(Carta Maior, 21/05/2014) A conta do twitter “A Minha Empregada” tem gerado polêmica na internet ao revelar algo que muitos tentam baixar os olhos: as agressões às empregadas domésticas no Brasil. Os relatos retuitados fazem com que a máscara de pretensa familiaridade na relação entre patroa e empregada das novelas da Globo caia. Muitos vão dizer que isso são casos isolados, mas o simples fato destes tipos de “brincadeiras” serem socialmente aceitas em certos meios já mostra o quanto este discurso está entranhado na sociedade brasileira.
A contratação de trabalhadores domésticos em larga escala é consequência do atraso social de um país. O fato de que existem pessoas que ganham o suficiente para que outra pessoa faça o serviço que ela própria poderia fazer demonstra o abismo da desigualdade social de uma nação. A proporção da existência deste tipo de trabalho se dá na medida que houver, de um lado, um excedente de mão-de-obra desempregada e sem qualificação para outros tipos de serviço, e de outro, uma classe que ganha o suficiente para comprar a força de trabalho de outra pessoa.
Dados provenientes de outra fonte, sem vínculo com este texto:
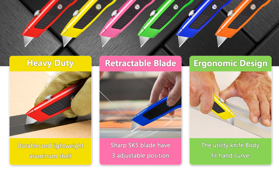 💗【قطعتان قابلتان للسحب】 سكينة متعددة الاستخدامات قابلة للسحب بشفرة ثلاثية المراحل، مناسبة لقطع المواد ذات السُمك المختلفة، مثالية للاستخدام في مشاهد مختلفة.
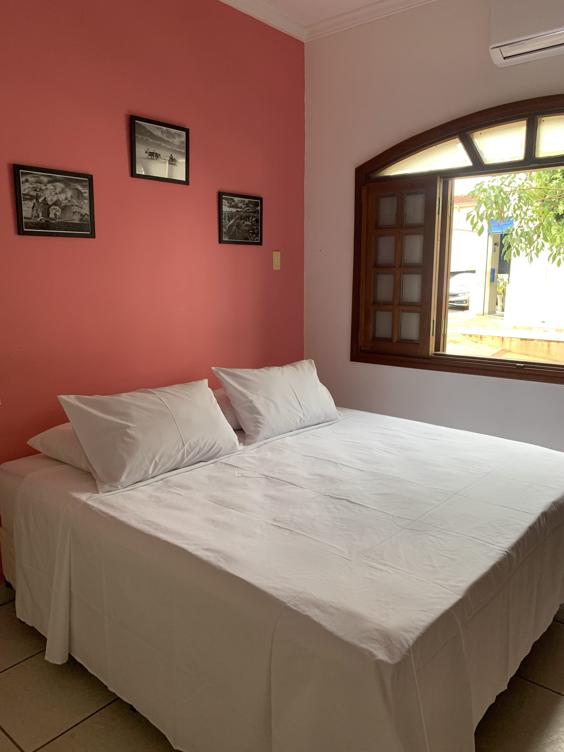 quarto com capacidade para até quatro pessoas, janela com vista para rua latera
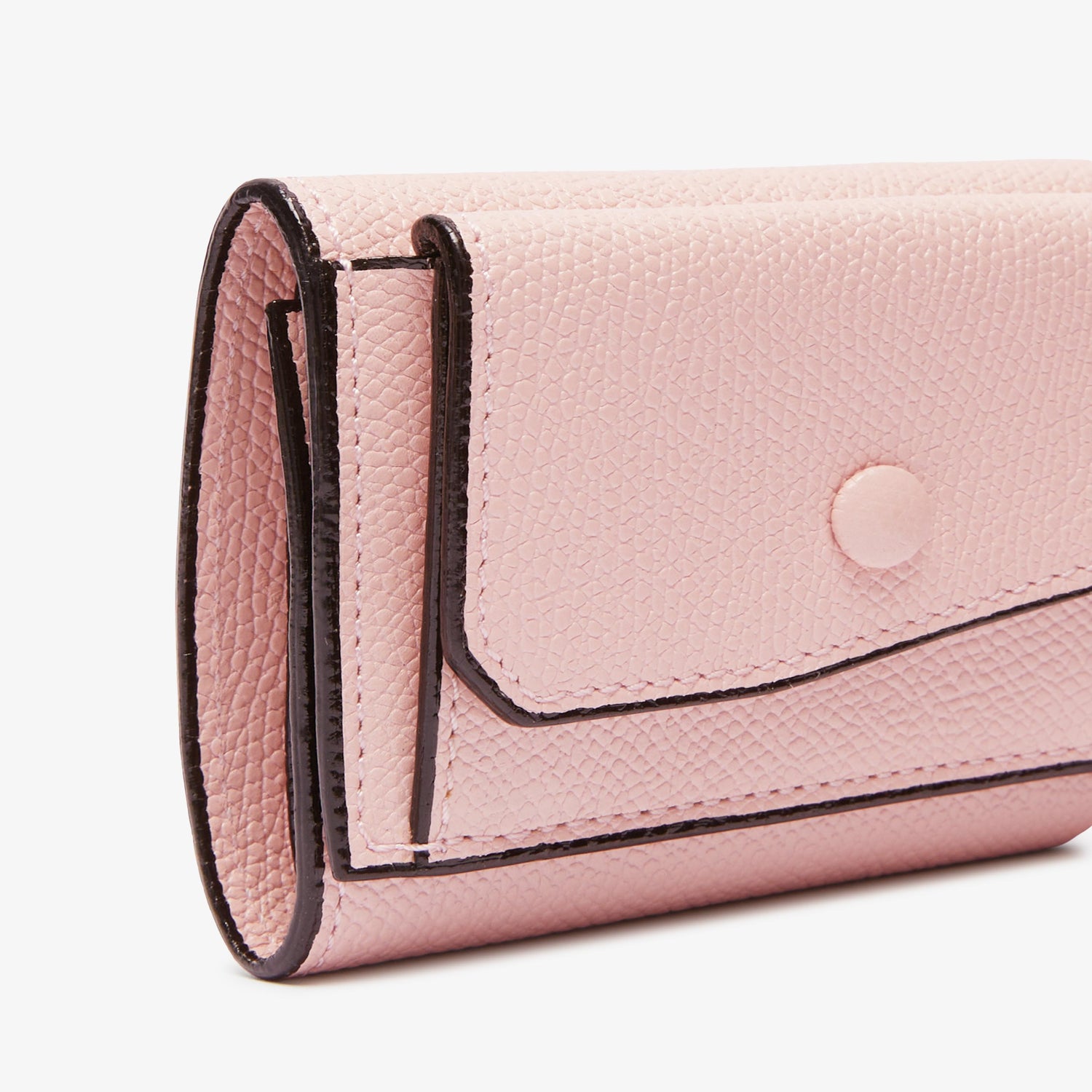 3つ折りウォレット。前面にコインケース、札入れの中には3カードホルダー付き。 コバと呼ばれる革をカットした端の部分にヴァレクストラ独自の染料”Costa”を手作業で何層にも塗り重ねて磨き上げました。
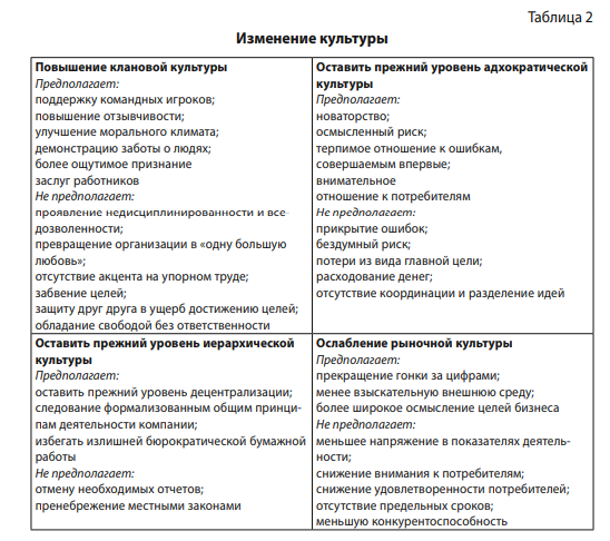 В рамках принятой компанией концепции «Создавая общие ценности» переход от рыночной к клановой культуре является целесообразным. Рыночная культура довольно агрессивна и направлена на получение все большей и большей прибыли, что не соответствует социальным настроениям компании Nestle. К тому же, являясь одним из крупнейших производителей продуктов питания, компания имеет большую долю рынка, а значит, может позволить себе более спокойные методы ведения бизнеса, направленные на усиление существующих позиций и социальную ответственность бизнеса перед обществом. В табл. 2 определены стержневые положения и принципы, описывающие, что предполагают и не предполагают вносимые изменения в перестановке акцентов в типах культуры.
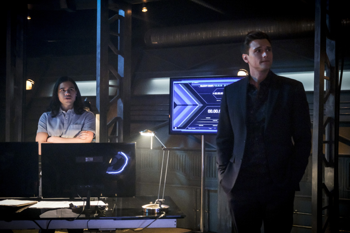 - The Flash — "The Girl with The Red Lightning" — Image Number: FLA521b_0177b.jpg — Pictured (L-R): Carlos Valdes as Cisco Ramon and Hartley Sawyer as Dibney — Photo: Jeff Weddell/The CW — é 2019 The CW Network, LLC. All rights reserved
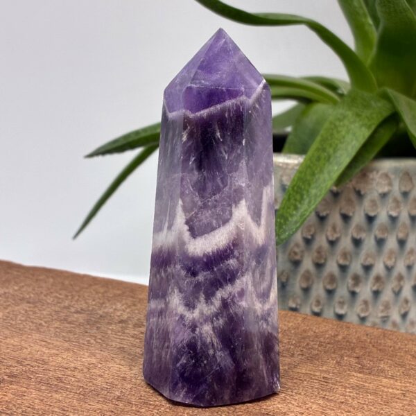 Båndametyst er en krystalkvarts med jernindhold. Den er god mod alkoholisme. Stimulerer drømme giver en god nattesøvn og virker beroligende. Ametyst generelt er en god begyndersten, den er en af de mest kendte sten og rummer en perfekt blanding af skønhed og energi.
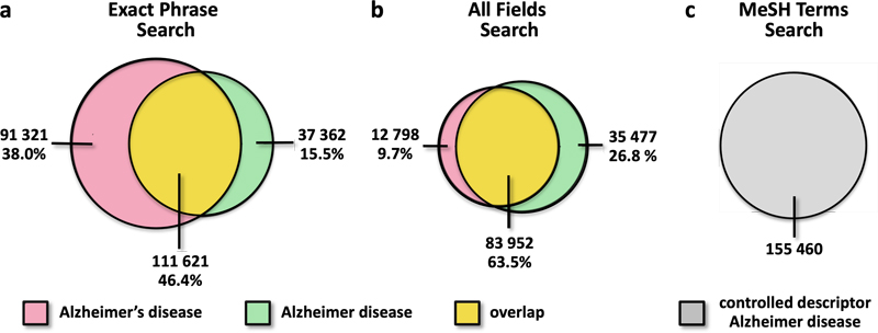 Fig. 2. Retrieval of PubMed references differs according to queries for possessive or non-possessive Alzheimer disease terms. a. Exact phrase searches for "Alzheimer's disease" and "Alzheimer disease" retrieve non-identical but partially overlapping sets of records. A large proportion of references are captured by only one search term. b. In all fields searches, the overlap between the two queries increases, but a substantial number of records is still missed by only one term, with the asymmetry now favoring the non-possessive form. Depending on the search type and term used (a–b), PubMed searches may thus miss up to 38 % of the literature, highlighting the substantial impact of terminological variation on literature retrieval. c. In contrast to free text searches, PubMed MeSH searches use the controlled descriptor Alzheimer Disease, i.e. the non-possessive form, yielding a uniform literature corpus. These analyses were performed across all article types, all languages, and all years since 1900, in contrast to the analyses presented in Fig. 1. Alzheimer eponyms, nosology, and disease mechanisms Eponyms have long been useful in identifying disease entities and distinguishing them fromothers. Yet, they are often imprecise descriptors of biology. Alois Alzheimer originally described onesingle case. Since then, the field has expanded enormously, revealing marked heterogeneity inpathology, clinical presentation, and molecular mechanisms. Some cases show prominent synuclein co-pathology, others do not. Modifier genes, epigenetic factors, and differential vulnerability of neuronal systems all contribute to a growing spectrum of disease subsets. As biomedical knowledge advances, the phrase "Alzheimer disease" itself increasingly functions less as a single sharply bounded entity than as a family of related pathological states. Parallel expressions such as "Alzheimer risk" further broaden the conceptual landscape. This explosion in mechanistic and nosological complexity highlights the limitations of inherited eponym terminology and supports the move toward more precise, standardized usage whenever possible. Conclusions Why does the terminology shift from possessive to descriptive eponyms matter? First and foremost, it is a matter of accuracy and precision. After years of working as physician-scientists, we view Alzheimer disease as a biological and pathological entity; it is not something owned by any individual. Using the non-possessive form reminds us that this is a condition, not a possession. Second, removing the possessive eponym from Alzheimer's promotes uniformity across different languages and cultures, which is crucial in our globalized world of medicine and science. Non-possessive eponyms are easier to translate and adapt internationally, helping healthcare professionals from different countries communicate more effectively [14]. In accordance with major medical authorities, including the World Health Organization, the non-possessive form is recommended. Third, scientific language evolves, and with it the standards of clarity, precision, and professionalism. Historical convention explains why the possessive form remains common in parts of the Alzheimer field. Still, comparison with Down syndrome and Tourette syndrome shows that such conventions can change, and that neurology is fully capable of adopting the non-possessive form once consensus emerges. So, the next time we write or speak about this devastating disorder, it is worth remembering that "Alzheimer disease" is not only the internationally recommended term but also the one that bestsupports clarity, precision, and comprehensive literature retrieval. Respect for history and respect for scientific rigour need not conflict. On the contrary, adopting evolving terminology standards is one way to honor both. Disclosure statement Generative artificial intelligence (AI) tools, including OpenAI’s GPT-5.3, were used to assist with code refinement, data verification, figure preparation, and limited text editing. No AI tools were used for data generation or interpretation. All content was independently reviewed and approved by the authors, who take full responsibility for the integrity and accuracy of the work. Conflict of interest statement The authors declare no conflict of interest. Funding statement The authors declare that they have not received any funding. References 1. American Medical Association. AMA Manual of Style: A Guide for Authors and Editors. 11th ed. Oxford: Oxford University Press; 2020. https://academic.oup.com/amamanualofstyle 2. World Health Organization. International Classification of Diseases 11th Revision (ICD-11). Geneva: World Health Organization; 2019. https://icd.who.int/ 3. Alzheimer A. Über eine eigenartige Erkrankung der Hirnrinde. Allgemeine Zeitschrift für Psychiatrie und psychisch-gerichtliche Medizin. 1907. 64:146–148. 4. Alzheimer A, Stelzmann RA, Schnitzlein HN, Murtagh FR. An English translation of Alzheimer’s 1907 paper, “Über eine eigenartige Erkrank-ung der Hirnrinde”. Clin Anat. 1995. 8:429–431.https://doi.org/10.1002/ca.980080505 5. Alzheimer A. Über eigenartige Krankheitsfälle des späteren Alters. Zeitschrift für die gesamte Neurologie und Psychiatrie. 1911. 4:356–385. 6. Kraepelin E. Psychiatrie: Ein Lehrbuch für Studierende und Ärzte. 8th ed. Leipzig: Barth; 1910. 7. Stewart RM. A case of Alzheimer's disease. Journal of Mental Science. 1912. 58:667–678. 8. No authors listed. Classification and nomenclature of morphological defects. The Lancet. 1975. 1(7905):513. https://doi.org/10.1016/S0140-6736(75)92847-0 9. National Institutes of Health. NIH Editorial Style Guide. Accessed March 12, 2026. https://www.nih.gov/nih-style-guide 10. Down JL. Observations on an ethnic classification of idiots. London Hospital Reports. 1866. 3:259–262. 11. Lejeune J, Gautier M, Turpin R. Étude des chromosomes somatiques de neuf enfants mongoliens. C R Acad Sci (Paris). 1959. 248:1721
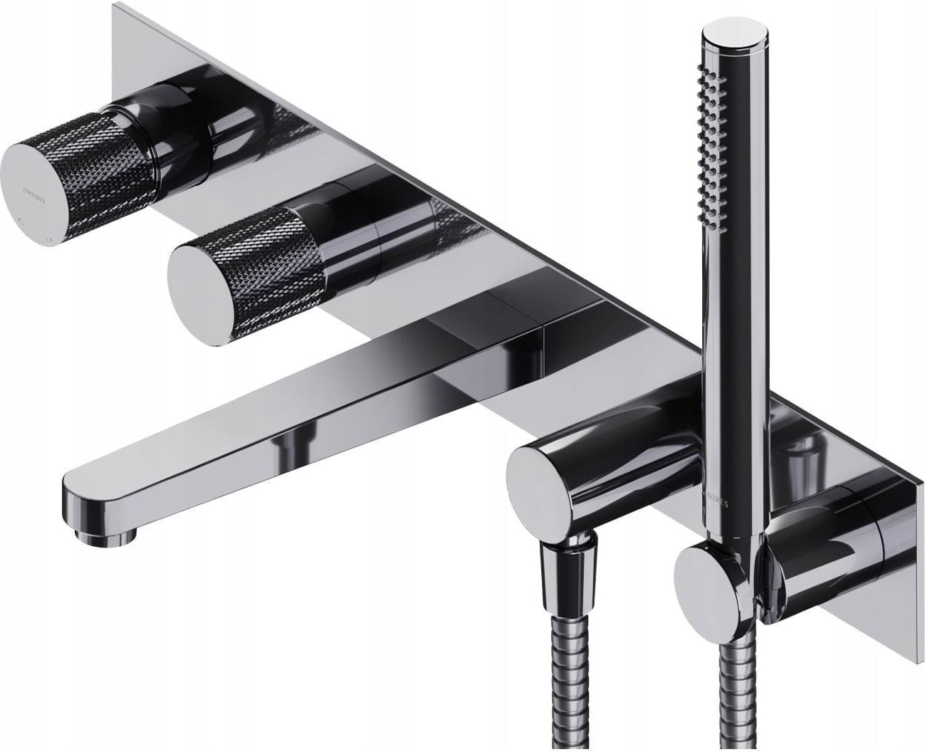 CONTOUR | bateria wannowa 5-otworowa podtynkowa Kolor: chrom (CR) Bateria wannowa podtynkowa z kolekcji OMNIRES CONTOUR, ze zintegrowaną rączką prysznicową, intryguje ekstrawagancką formą i ozdobnymi detalami. Oszczędny, architektoniczny wzór z diamentowym frezowaniem zachwyca wyrafinowanym zestawieniem faktur i perfekcyjnym wykonaniem. Symetryczna forma baterii perfekcyjne współgra z wanną, tworząc harmonijną kompozycję. Montaż podtynkowy gwarantuje oszczędność miejsca, a także łatwość czyszczenia. Bateria została wykonana z wysokogatunkowego mosiądzu oraz wyposażona w najwyższej jakości głowicę ceramiczną. Chromowana, lśniąca powierzchnia produktu jest uniwersalnym wykończeniem o srebrzystej barwie. Projekt: Paulina Shacalis, Studio OMNIRES Nagrody: Red Dot Design Award, Must Have Wyróżnienia: Dobry Wzór rozmiar rozety: 48 x 8 cm zasięg wylewki: 20,5 cm minimalna głębokość zabudowy: 7 cm dwa wejścia (na wodę ciepłą i zimną): 1/2” rączka prysznicowa mosiężna, 1-funkcyjna wąż prysznicowy w osłonie stalowej, długość: 125 cm element podtynkowy w komplecie UWAGA! Przez sytuację gospodarczą deklarowany czas wysyłki może się wydłużyć, sprawdź dostępność przed zakupem!

E a força de trabalho a ser comprada nesses casos é sempre a da mulher. Isso decorre de uma das mais graves consequências do machismo em nossa sociedade: a delegação dos trabalhos mais mal-remunerados ao sexo feminino. Sob as falácias sociais de que a mulher não pode desenvolver outras atividades mais “pesadas” (como se o trabalho doméstico fosse “leve”) e de que o trabalho doméstico é “coisa de mulher”, a muitas mulheres sem qualificação profissional só sobra o serviço doméstico. E isso é um problema não porque o trabalho doméstico seja indigno, mas porque até pouco tempo atrás estes serviços não gozavam de nenhuma regulamentação legal, o que deixava as trabalhadoras sem garantia alguma.
E essa desregulamentação do serviço doméstico é herança do escravismo e do patriarcado. Achar o serviço doméstico “menor” que os outros; achar que a patroa faz um “favor” ao oferecer um cômodo na casa para a empregada; afirmar que não é possível contar as horas de trabalho da empregada tal qual outros trabalhos porque ela passa o tempo entre uma atividade e outra “descansando”; separar a cozinha das áreas de vivência; ter entradas e elevadores “de serviço”; a preponderância de negras entre as trabalhadoras: tudo isso é herança de nosso escravismo, que incrustou estruturas e visões de mundo sobre o trabalho que estão presentes até hoje.
As novas leis trabalhistas que asseguram às domésticas direitos que elas nunca tiveram é só um passo diante da longa caminhada rumo a uma sociedade mais igualitária.O Brasil precisa de outros avanços sociais além de leis para que o número de empregadas domésticas decresça e aquelas que continuarem neste serviço tenham melhores remunerações. Mais condições para qualificação profissional, mais seguridade social, salários melhores e menos machismo farão com que menos pessoas tenham no trabalho doméstico sua última opção de sobrevivência.